The operational rule is: identify one specific thing the category leader cannot do without breaking their own model — a price point they cannot honour without commoditising, a tone they cannot adopt without contradicting their last decade of marketing, a format they cannot launch without cannibalising their hero SKU. Occupy that thing, not the thing they are known for.

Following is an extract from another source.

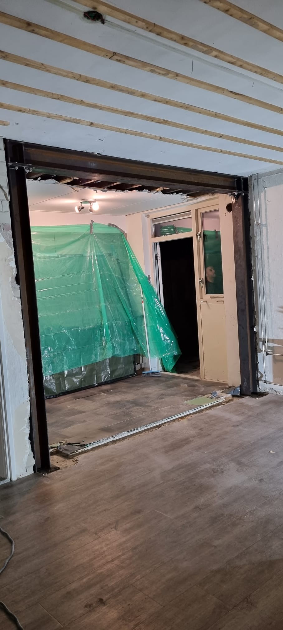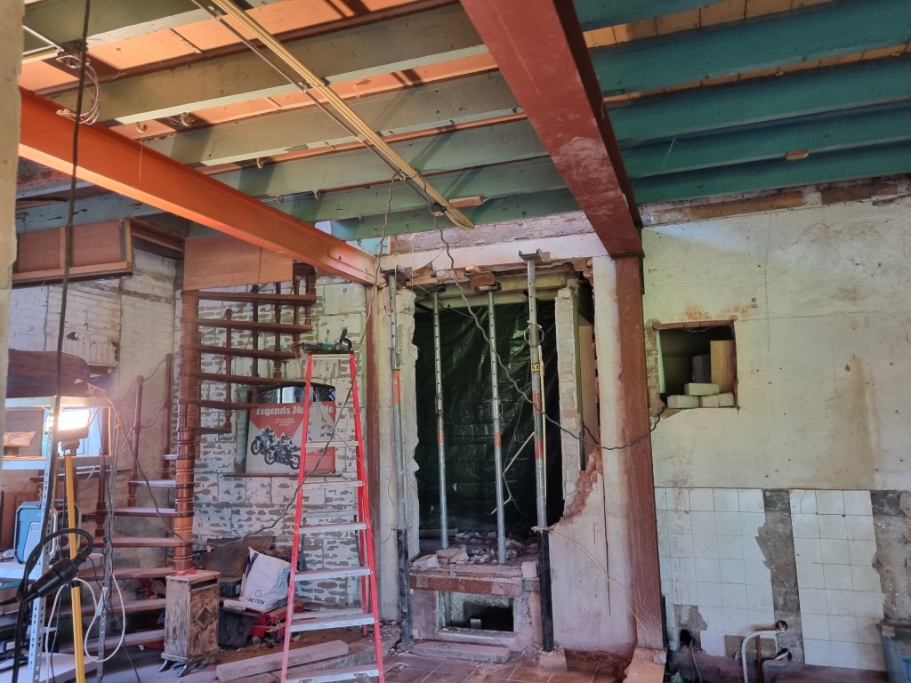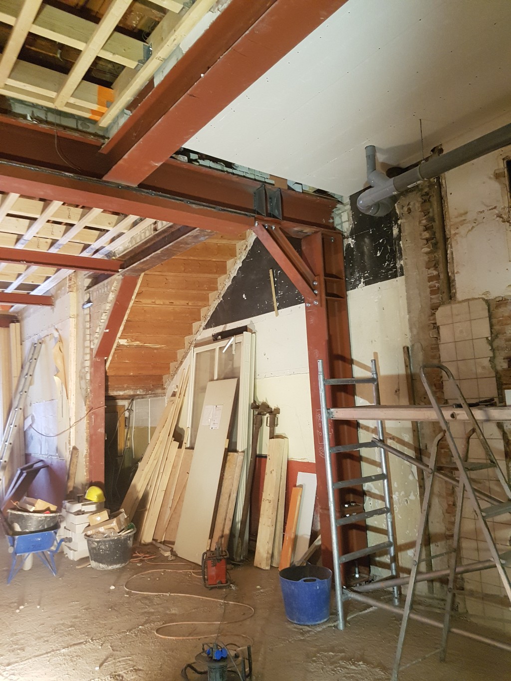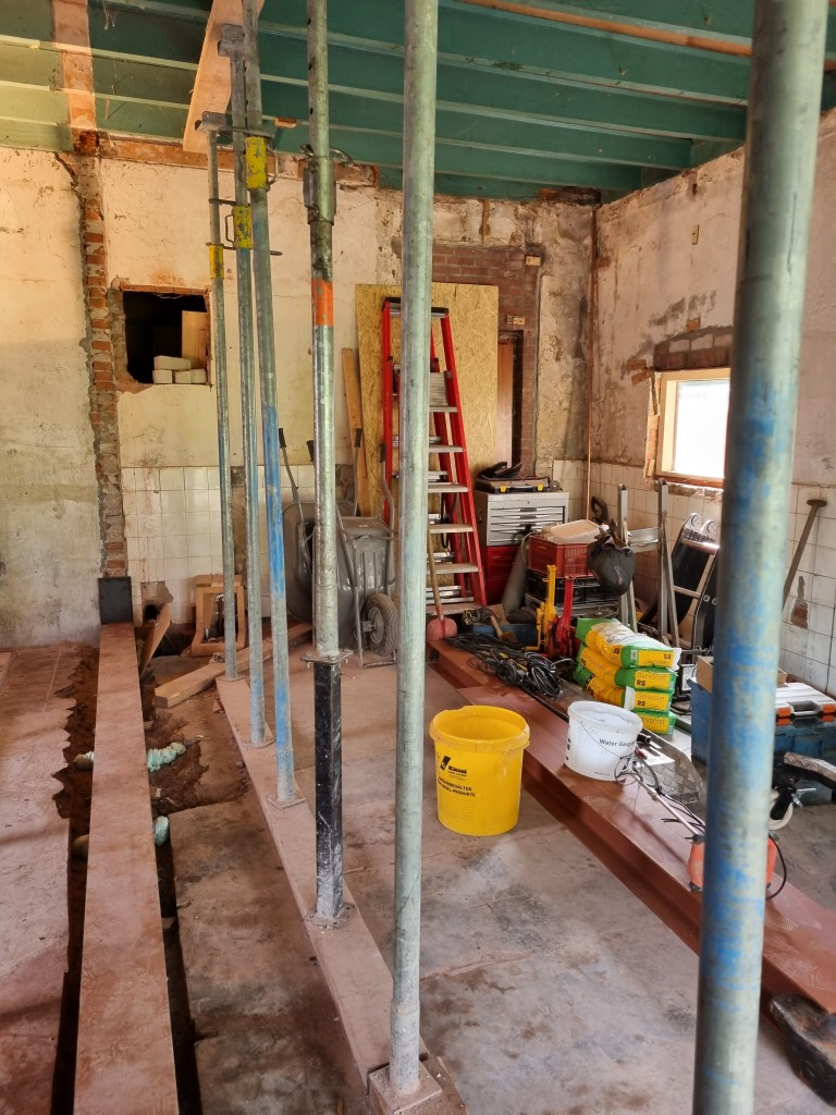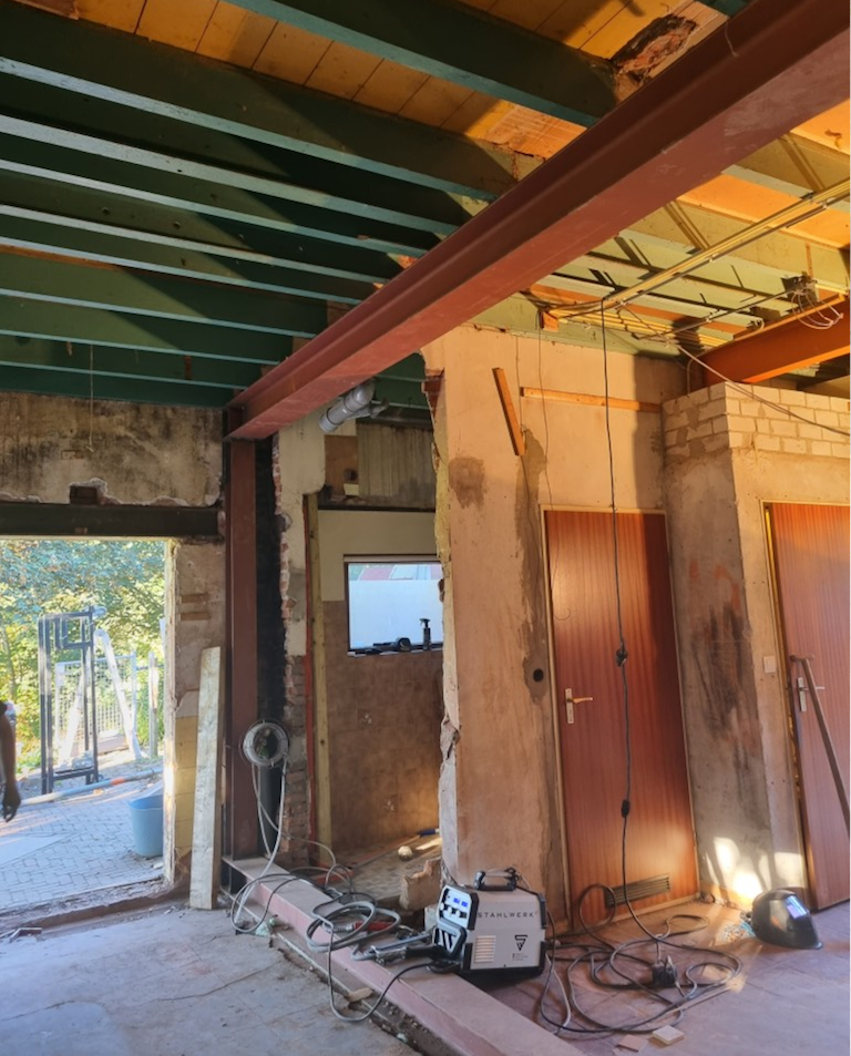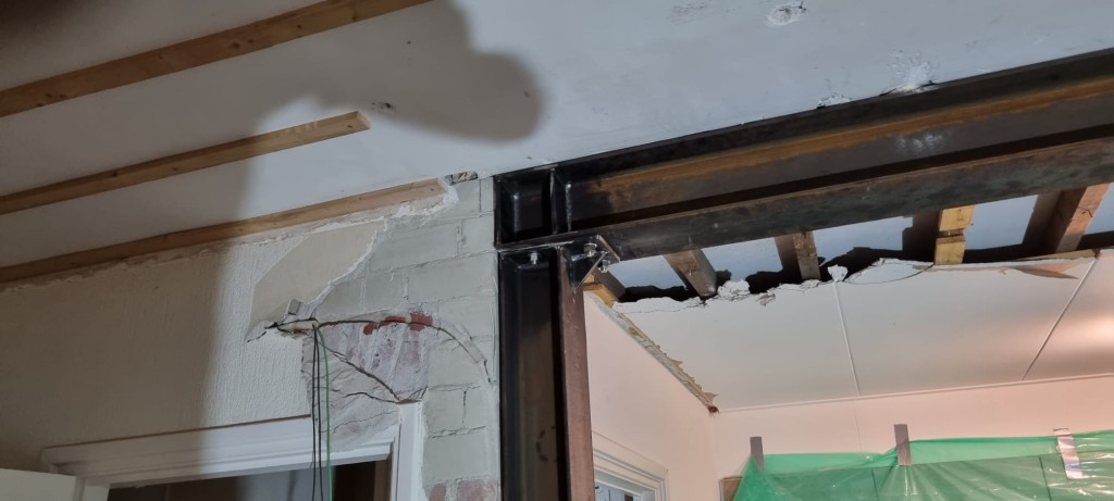 project Willemstad Sloopwerk draagmuur tussen keuken en woonkamer en aanbrengen draagconstructie met boutverbinding voor de industriele look

This is slower, quieter, and less satisfying than the category-killer posture. It also, in our file, is the move that actually displaces incumbents. The challenger who tries to share the leader's sentence almost always ends up a discount of the leader. The challenger who takes an adjacent sentence ends up, five years later, as the brand the new shopper picks first, because the old shopper has stopped defending the incumbent and the new shopper does not know why they should.
§IV What quietly works.
Three examples from our file, with names compressed. A beauty brand that stopped positioning as the challenger to the category's prestige leader and began positioning as the category's answer to boredom. Three years later it had seven percent category share; the prestige leader still had thirty-one; but the beauty brand's growth rate was three times the leader's, and the prestige leader's customer was starting to shrug.
A supermarket-era food brand that stopped fighting for the health sentence — already owned by three public-company competitors — and began owning the sentence ‘what a good cook would actually buy’. Four years later it was the default on the shelf inside specialty grocery, quietly pulling customers from the health incumbents without a single ad that mentioned them.
A household brand that stopped trying to out-scale the scale leader on Amazon and instead built a direct-relationship model with refillable packs, a tone that felt like a small shop, and shelf partnerships with three specialty retailers. Seven years in, the scale leader's category share had flattened; the challenger's had quintupled. The challenger had never used the word killer in any internal document.
Footnotes
- The defend test framing is lifted, with adaptation, from a 2011 interview with a long-retired category head at a British retailer; they called it the “shrug test”.